春斗は咲がくじ引きで当てたクマと、俺が買ってきた差し入れの袋を持って、歩いている。

「疲れたんだろ。初めてばっかりで」

「昨日からずっと楽しみにしてたしね」

屋上で、もう歩けないだろうと背中を貸したとき、咲は素直に身を預けてきた。
背中に預けられた体重は、やっぱりまだまだ軽い。
手を繋ぐのは躊躇っていたのに、直ぐに背中にしがみついたのは、疲れて電池切れだったからのようだ。

「あの話……咲にして、良かったか?」

俺は、春斗に尋ねる。
春斗は頷いて前を見据えながら穏やかに言った。

「良かったと思う。咲はきっと、選ばれてここに来たね」

「……そうだな」

偶然が重なって、咲はいまここにいる。
だけれど、なんとなくそれは必然だったとも思う。
咲は、咲自身が助かるために。俺と春斗は咲に助けられるために。

そのために、咲と、俺と春斗は出会ったんだと、思わざるを得ない。

「優、家に帰って咲寝かせたら、1杯付き合ってよ。久しぶりに。ビール、優の分もあるんでしょ?」

春斗がそう言ってにっこりと笑った。

「ああ。構わん。……そういえば、早乙女先生が咲の着付けのお礼に、今度飲みに付き合えって」

俺は、今日早乙女先生から言われたことを伝えた。春斗は昔のことを思い出したのか、おかしそうに苦笑いを浮かべる。

「あの人、相変わらずお酒好きだね」

「春斗、辞めて以来ほとんど会ってなかっただろ? 」

「まぁ、婦人科は用事ないしね……辞めた病院に行くのもなんとなく気まずかったし」

「会えて嬉しかったんだよ、筋がいい後輩だったから」

笑っていた春斗の顔が、少しだけ真顔に戻った。
少しだけ真剣な目をして言う。

「うん。いまはお母さんの先輩、今度子育て相談でもしてみるか……」

咲が屋上で言ったことを思い出す。

「……咲、春斗のこと、完全に母親だと思ってるな」

「いいよ、それならそれで。母に性別関係なし。咲が幸せなら。あの子が結婚するまで務めきる」

「ずいぶん先の話だな」

突然出てきた『結婚』というワードに面を食らう。少なからず、なんとなく嫌だと思っている自分を自覚して、ばつが悪い。
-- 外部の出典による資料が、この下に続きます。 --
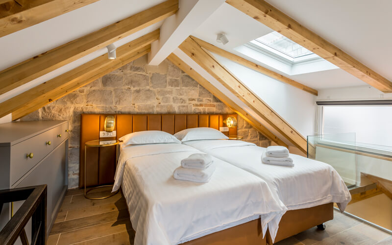 The biggest room among the Miara Rooms which involves 2 floors. Includes 1 big couch which can be transformed into a bed on the lower floor and a big double sized bed on the upper floor. A luxurious bathroom with a lot of space and a table for four

「バージンロードは3人で歩くよ。どんな輩に咲を受け渡すことになるか、わからないからね」

「輩って……」

俺が吹き出すと、春斗も笑った。
春斗も同じような気持ちでいたことに、ほっとする。
背中に眠る咲の体温を感じながら、始まったばかりの日々の終わりを考えて、少しだけ寂しくなっていた。